Back To Normal Hours In An Abnormal World

     With something very like a feeling of relief, I work up at six this morning and actually woke up.  I've been stumbling around in the morning, feeding the cats and heading back to bed.  Today, I was awake.

     ...Just in time for some interesting weather, gusts of wind that shook the house!   The forecast said it would be gusty, along with sharply falling temperatures, and so far, they have been right.

     I have been resolutely avoiding politics.  There's no good news there.  Sure, one side is much worse on issues that immediately impact me -- but over the longer view, the other's about as bad.  These days, neither one is especially willing to leave people be and that's a pity.

     There's been a big push on to show support for the police but I find myself leery.  Most LEO's are decent folks, who face both dire risk and appalling boredom, along with working hours at least as lousy as those of my own trade -- but their baddest apples are very rotten, and many don't get tossed out until they have done great harm.  Faced with a choice between rioters and police, I'm most likely to side with the police but I'm nagged by the feeling that if civic officials had done their jobs just a little better -- and that includes running the police department -- we might not be having riots.  An old saw has it that the rot runs from the head down: hand the Long Arm Of The Law an untenable situation and you're going to get unpleasant answers -- and unpleasant people providing them.  I'm left with great sympathy for good cops and little inclination to screw in a blue porch light: changing light bulbs is not gonna help.  Might as well be rearranging deck chairs while the band plays Nearer My God To Thee.  --And you know where it all starts?  Most of those "civic officials" are elected.  You can blame a lousy pool of nominees or a damfool electorate (probably both), but it's a marginally-circular process, made all the worse by those who didn't bother to show up at the voting but are only too happy happy to get in on the looting and/or head-bashing end.

3 comments:

Anonymous said...

People love to say that "most LEOs are good people."

In Chicago, when I was growing up, you could buy your way out of just about any traffic ticket that didn't involve damage to the vehicle.

Shaking down tow-truck drivers was so commonplace, that they were shocked it was against the law, when the feds finally stepped in.

Calling 911 after a gay-bashing was almost guaranteed to make things worse - no matter what jurisdiction you were in. I have seen them arrest the guy bleeding on the sidewalk... I have seen the lights shut off, and them drive by when they realized the call was from a gay club.
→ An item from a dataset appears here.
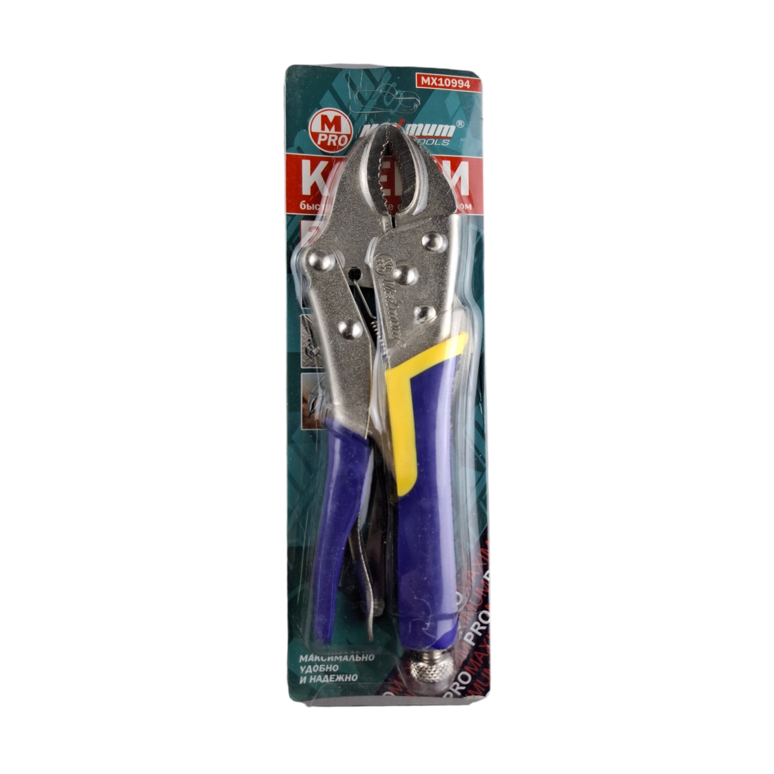 Зажимные универсальные клещи 250 мм от "Maximum Quality Tools" или пассатижи с фиксатором оснащены изогнутыми губками, обеспечивающими захват и удержание деталей различной формы. Удобный механизм "третья рука" гарантирует высокую силу сжатия и быстрый сброс. Для исключения проскальзывания руки во время работы предусмотрены прорезиненные мягкие накладки на рукоятках.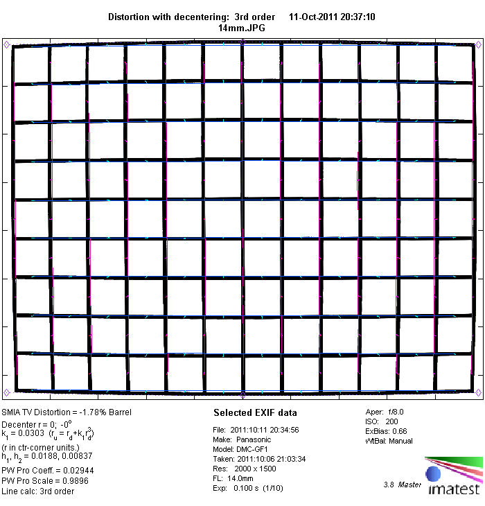 However, the non-corrected raw images show a pretty different situation with an extreme (~6.16%) barrel distortion at 14mm as well as slight (0.52%) barrel distortion at 140mm.

Most of them may be decent folks, but the minority that isn't so decent is pretty large. And the prejudices are there. Add in the War on (Some) Drugs, and it is a mess.

And if you set the way-back machine for the 1960s, well gays and blacks probably would have even more stories about how it isn't a few bad guys having bad days.

Tam said...

"People love to say that "most LEOs are good people."

In Chicago..."

I hope I don't need to draw a more detailed picture.
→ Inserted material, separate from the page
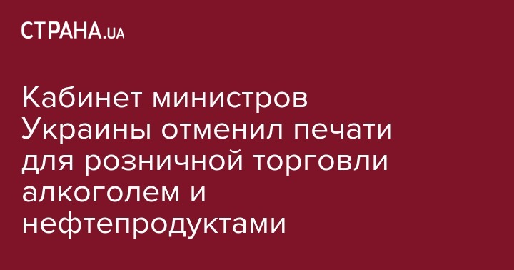 Кабинет министров Украины отменил печати для розничной торговли алкоголем и нефтепродуктами

You name the subset of society... slice it off by whatever occupational, skin color, gender, education bracket, whatever, that you want ...and I will tell you about the large subset of Those People that I've met that are Pure-T farging iceholes.

Why would police officers be any different from gays, teachers, Hispanics, left-handers, or Justin Beiber fans?

Roberta X said...

Police -- like most of us -- tend to be as honest/fair/good as the society around them. There have been times and places in this country where police not only turned a blind eye or took bribes, but were pleased to hand out a few lumps (or more than a few) whenever the individual officer thought that might be the thing to do.

Now ain't then. Police work probably attracts just as many bullies as it ever did but the times have changed and keep right on so doing.

Yes, it's a mess. It always was. It always will be -- just like everything else. Life is a series of poorly-understood negotiations between individuals who are only barely aware of the entire transaction.